Digitized strike patterns were analyzed, measured, and processed using Adobe Photoshop and Fiji ImageJ. In Photoshop, images were first cropped to remove any outlying pressure zones and then the object selection tool was utilized to select the strike pattern. Using the measurement log tool, the total area, width, and height of the strike zone were recorded in pixels. It is important to note that measurements only comprised colored extents and white portions were not included in analysis of area. In addition, the high-pressure zones were also measured using the same method. Measurements were then converted to imperial and metric units. Images were then imported to ImageJ for final processing, such as inserting scale bars. The result can be seen in Figs. 9 and 10. Although both low-pressure film and medium-pressure film results were recorded, all figures and tables reference the medium-pressure film as the psi measurements were taken from these strike patterns.
Results
By using the Head Injury Criterion (HIC) to predict the Abbreviated Injury Scale (AIS), the likelihood and scale of cranial trauma can be predicted. The highest average HIC resulted from the Oak Mallet Parietal Test 1 with a score of 1766. The data predicts a 41% likelihood of a major penetrating head injury (AIS 5) and 77% likelihood of a complex fracture (AIS 4) (Table 4). The AIS for other large surface clubs (i.e., all mallets and Mesquite Ball) predicts a high risk for comminuted injury (AIS 3) (73%). The recorded HIC indicates that receiving parietal strikes from most of the clubs would result in a high likelihood of sustaining closed, simple, non-displaced, diastatic, linear, or comminuted fracture (AIS 2-3).

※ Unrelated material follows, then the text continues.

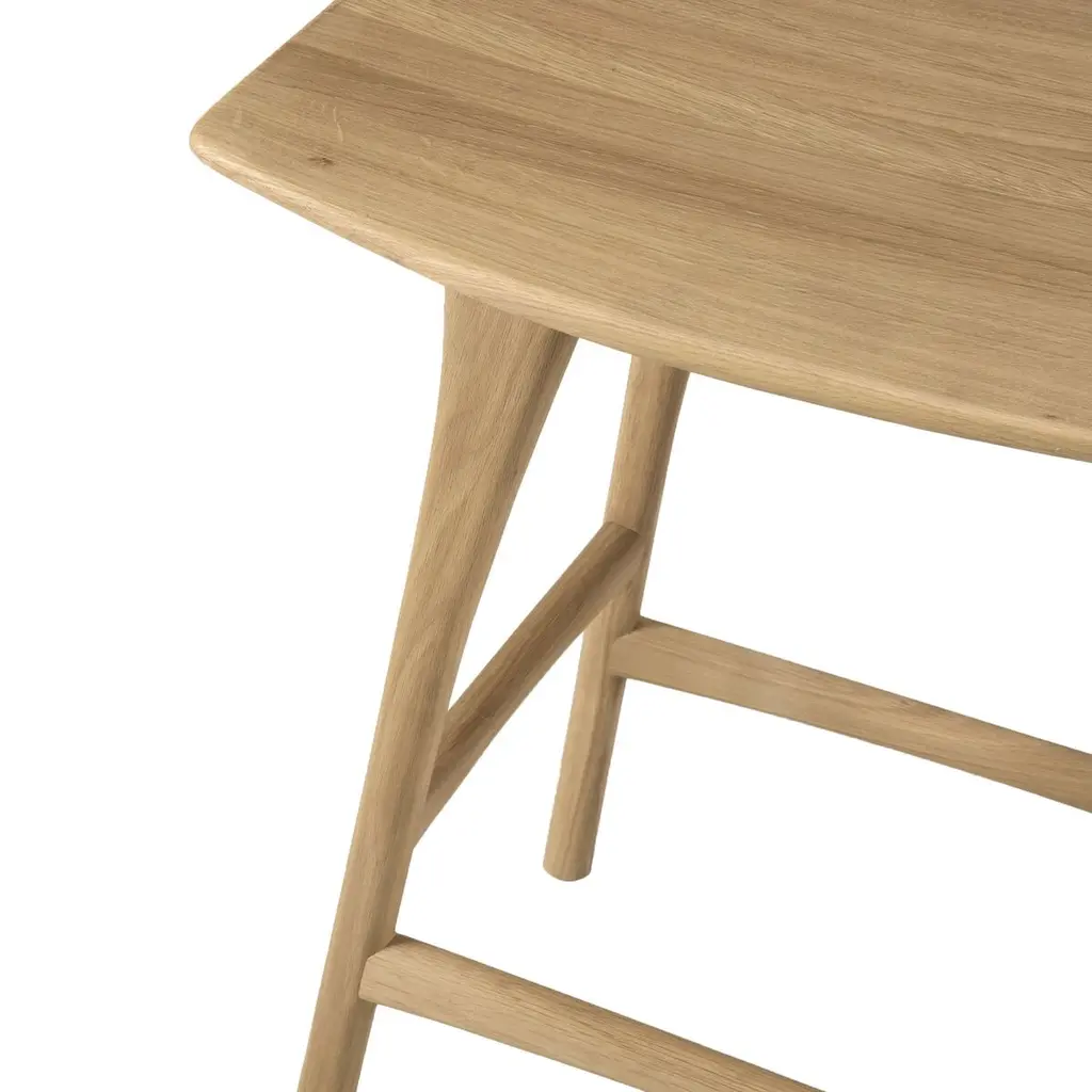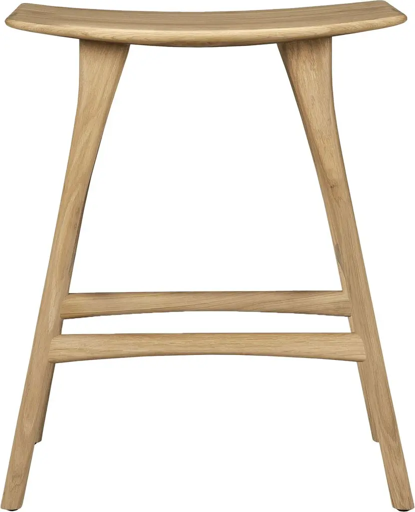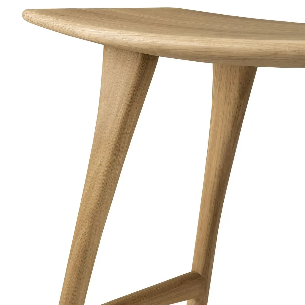 Crafted of oak—a hardwood known for its distinctive grain and resistance to scratches and dust—with a contoured seat and tapered legs, this counter stool adds warmth and sophistication to any space.

FujiFilm Prescale results permit validation of previous results and comparisons of measurements for lethality. As per Table 5,
the clubs with the highest-pressure readings were the mesquite mallet and tree limb parietal strikes at 5617 psi. The range of pressure readings was 2489–5617 for parietal strikes and 2915–4799 for frontal strikes. The club with the largest contact area was the ash mallet parietal strike at 2.90 in.2 (18.71 cm2). For the parietal strikes, the average values were 4225 psi with a maximum contact area of 1.57 in.2 (10.13 cm2). Averages for frontal strikes were 3812 psi with a maximum contact area of 1.14 in.2 (7.35 cm2). Even though the psi is similar for both parietal and frontal strikes, the distribution of maximum force zones should be noted (see Figs. 9 and 10). Maximum force zones are the areas of highest pressure. Parietal strike maximum force zones are evenly distributed throughout the strike surface while frontal strikes are focused into much smaller areas of the club strikes.

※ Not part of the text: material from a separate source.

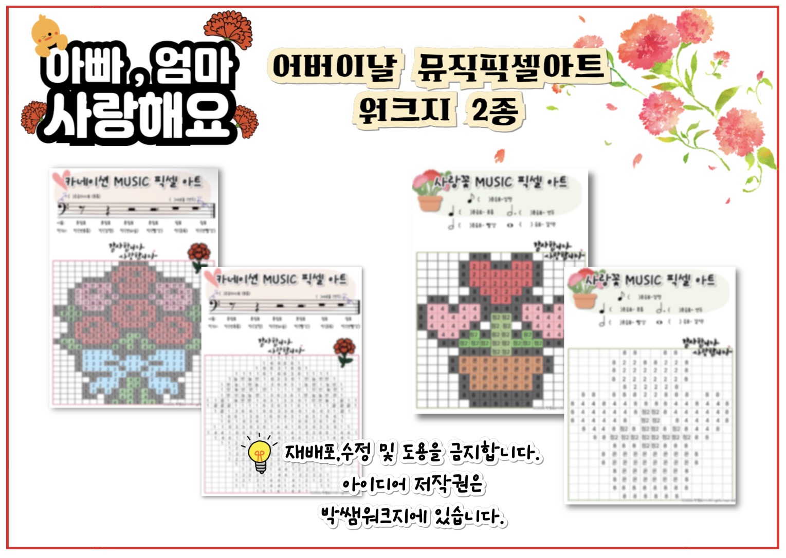 음악워크지 - 어버이날 뮤직 픽셀아트 2종세트 (음표,쉼표) by 박쌤

When compared with known measurements of dynamic fracture forces for cranial bones, these values fall well within, or were significantly higher than, the range of force required for cranial fracture using multiple types of impact surfaces on both the frontal and parietal regions (Yoganandan and Pintar 2004). In addition, the contact area was compared with known studies on mechanics of bone fracture. McElhaney et al. (1970) had a contact area of less than 1 in.2 while Raymond and Bir (2015) had a contact area of approximately 1.5 in.2. Hodgson and Thomas (1971) used flat rigid surfaces (i.e., the ground) (see Figs. 7 and 8).
Average peak impact force (lb) results for parietal strikes compared with ranges for skull fractures from known fracture studies (Messerer 1880; Nahum et al. 1968; McElhaney et al. 1970; Hodgson and Thomas 1971; Schneider and Nahum 1972; Stalnaker et al. 1977; Allsop et al. 1991; McIntosh et al. 1993; Yoganadan et al. 2003; Raymond and Bir 2015)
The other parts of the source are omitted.